- What you need to do
In the listing beneath this line, copy exactly the lines starting with the one containing "В Уфе памятник" and going on through the one containing "The Colossus Heated".

- Exercise data

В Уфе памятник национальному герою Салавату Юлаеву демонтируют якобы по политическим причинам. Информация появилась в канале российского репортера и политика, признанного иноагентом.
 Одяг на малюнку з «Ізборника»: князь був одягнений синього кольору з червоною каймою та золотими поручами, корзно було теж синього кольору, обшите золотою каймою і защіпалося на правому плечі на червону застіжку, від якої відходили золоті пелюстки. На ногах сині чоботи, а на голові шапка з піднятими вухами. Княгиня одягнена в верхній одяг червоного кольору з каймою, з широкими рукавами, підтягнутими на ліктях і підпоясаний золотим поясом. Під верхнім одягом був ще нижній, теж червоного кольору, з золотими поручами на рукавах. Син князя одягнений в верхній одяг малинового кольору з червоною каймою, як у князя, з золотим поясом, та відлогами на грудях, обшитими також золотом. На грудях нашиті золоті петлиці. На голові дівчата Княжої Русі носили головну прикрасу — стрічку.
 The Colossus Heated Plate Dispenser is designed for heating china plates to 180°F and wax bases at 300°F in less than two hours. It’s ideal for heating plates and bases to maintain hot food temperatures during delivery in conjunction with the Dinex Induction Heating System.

* * *

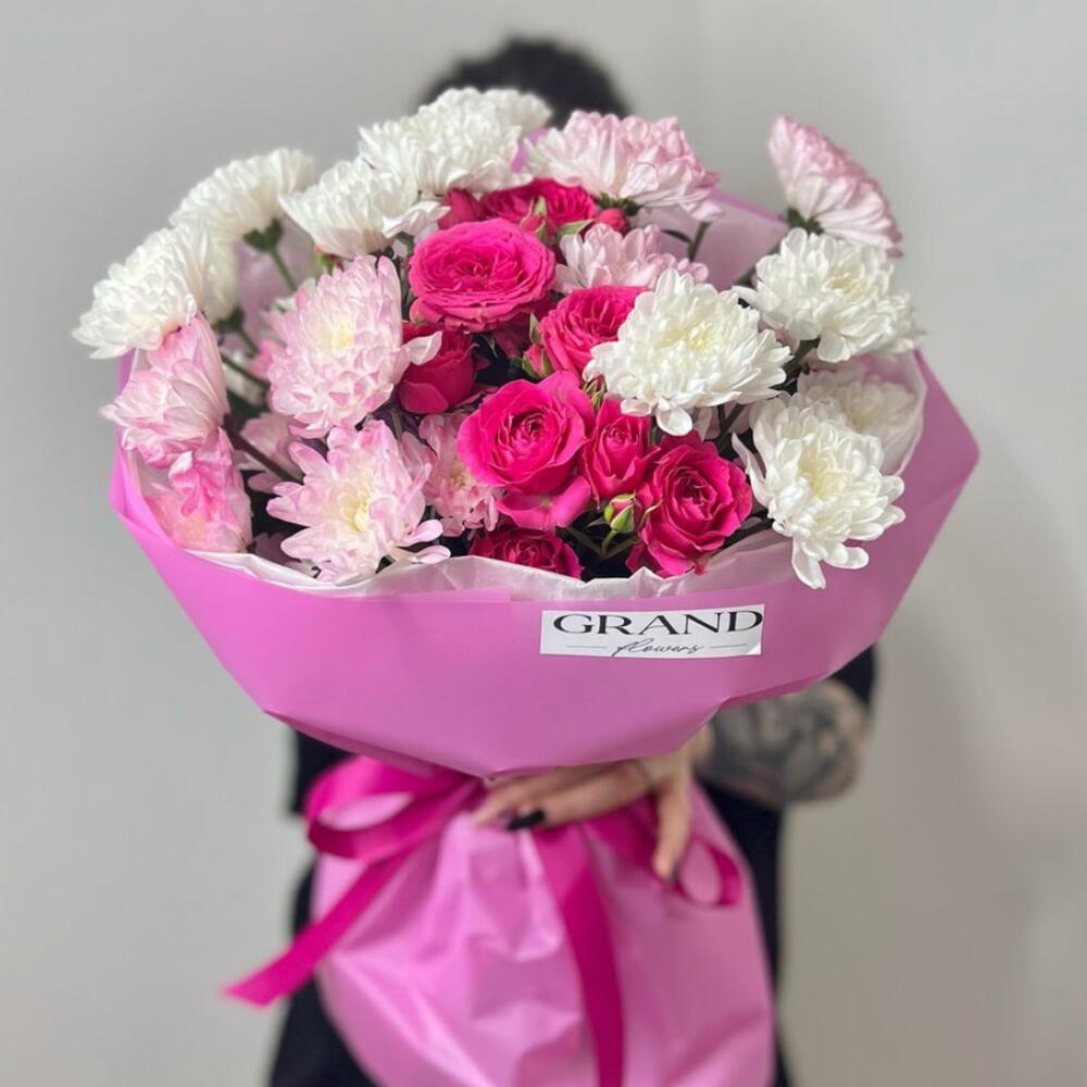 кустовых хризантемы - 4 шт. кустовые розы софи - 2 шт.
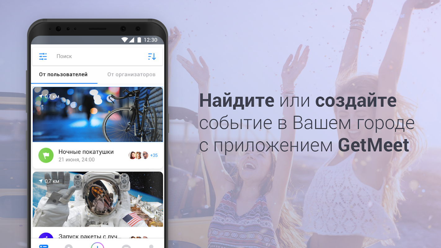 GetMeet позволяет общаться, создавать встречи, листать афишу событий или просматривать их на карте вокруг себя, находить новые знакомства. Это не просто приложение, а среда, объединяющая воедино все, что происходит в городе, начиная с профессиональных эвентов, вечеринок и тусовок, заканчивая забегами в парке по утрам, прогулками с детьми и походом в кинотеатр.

- Task solution
В Уфе памятник национальному герою Салавату Юлаеву демонтируют якобы по политическим причинам. Информация появилась в канале российского репортера и политика, признанного иноагентом.
 Одяг на малюнку з «Ізборника»: князь був одягнений синього кольору з червоною каймою та золотими поручами, корзно було теж синього кольору, обшите золотою каймою і защіпалося на правому плечі на червону застіжку, від якої відходили золоті пелюстки. На ногах сині чоботи, а на голові шапка з піднятими вухами. Княгиня одягнена в верхній одяг червоного кольору з каймою, з широкими рукавами, підтягнутими на ліктях і підпоясаний золотим поясом. Під верхнім одягом був ще нижній, теж червоного кольору, з золотими поручами на рукавах. Син князя одягнений в верхній одяг малинового кольору з червоною каймою, як у князя, з золотим поясом, та відлогами на грудях, обшитими також золотом. На грудях нашиті золоті петлиці. На голові дівчата Княжої Русі носили головну прикрасу — стрічку.
 The Colossus Heated Plate Dispenser is designed for heating china plates to 180°F and wax bases at 300°F in less than two hours. It’s ideal for heating plates and bases to maintain hot food temperatures during delivery in conjunction with the Dinex Induction Heating System.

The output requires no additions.